# What if a layperson is already working the scene?



## mycrofft

(Ths is sort of a reverse of a much earlier thread, about being relieved by an incompetent).

You drive up in your ambulance or fire thingee to a rural highway curve and see a two car accident with people sitting on the curb, one lying down. There are a couple road flares up-traffic, and a young woman (or man, maybe one of each) is moving briskly between the victims. The layperson hustles over to you, speaking rapidly gives a thumbnail sketch of each victim, says the cars have been safetied, and says (s)he's going back for his/her backboard.

Seriously, what are you going to do here?


----------



## Sapphyre

Oy vey!

No organized volley response agency here, I'm going to ask for eta of PD (and fire, cause I can't even get out of dodge if fire doesn't say so) then thank the bystander for his/her/they're help and ask them to please stand back.


----------



## Sasha

mycrofft said:


> (Ths is sort of a reverse of a much earlier thread, about being relieved by an incompetent).
> 
> You drive up in your ambulance or fire thingee to a rural highway curve and see a two car accident with people sitting on the curb, one lying down. There are a couple road flares up-traffic, and a young woman (or man, maybe one of each) is moving briskly between the victims. The layperson hustles over to you, speaking rapidly gives a thumbnail sketch of each victim, says the cars have been safetied, and says (s)he's going back for his/her backboard.
> 
> Seriously, what are you going to do here?

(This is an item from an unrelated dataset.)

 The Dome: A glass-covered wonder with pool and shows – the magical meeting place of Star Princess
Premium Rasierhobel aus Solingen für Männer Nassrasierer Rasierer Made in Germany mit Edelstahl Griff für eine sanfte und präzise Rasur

I have a question... why does a layperson have a backboard?


----------



## amberdt03

Sasha said:


> I have a question... why does a layperson have a backboard?



because they are super awesome and are going to save the world by themselves


----------



## JPINFV

Sasha said:


> I have a question... why does a layperson have a backboard?

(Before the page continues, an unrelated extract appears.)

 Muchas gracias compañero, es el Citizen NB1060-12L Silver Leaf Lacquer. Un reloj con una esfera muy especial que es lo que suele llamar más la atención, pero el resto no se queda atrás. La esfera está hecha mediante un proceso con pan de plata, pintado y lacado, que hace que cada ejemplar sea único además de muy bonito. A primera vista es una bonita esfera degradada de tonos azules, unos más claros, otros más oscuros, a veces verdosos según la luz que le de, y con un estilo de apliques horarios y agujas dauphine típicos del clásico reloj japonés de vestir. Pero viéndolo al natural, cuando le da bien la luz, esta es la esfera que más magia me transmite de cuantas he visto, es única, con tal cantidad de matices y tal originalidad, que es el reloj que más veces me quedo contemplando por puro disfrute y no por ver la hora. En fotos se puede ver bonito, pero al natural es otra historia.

Backboard+ 2 chairs=table. Heck, get a sawzall and widen the handles a bit and you have a built in cup holder. Perfect for those tailgate parties.


----------



## bstone

Are they a trained person? Are they my medical director and his RN wife?


----------



## reaper

bstone said:


> Are they a trained person? Are they my medical director and his RN wife?



Does it matter?

I would thank them for the help and tell them that we have it from there. Their response after that determines the next step in line!


----------



## bstone

reaper said:


> Does it matter?
> 
> I would thank them for the help and tell them that we have it from there. Their response after that determines the next step in line!



Of course it matters. If the person is your med director then you work directly under his supervision and his license. If you piss him off then he can say, "you are no longer licensed to work" and POOF you are immediately required to defer to him.

If my med director was on scene then I'd be very happy to have him run it and get his hands dirty.


----------



## reaper

Maybe the MD, not his wife.

Most good medical directors that come to the scene, will let their personel run the scene and do the treatment. 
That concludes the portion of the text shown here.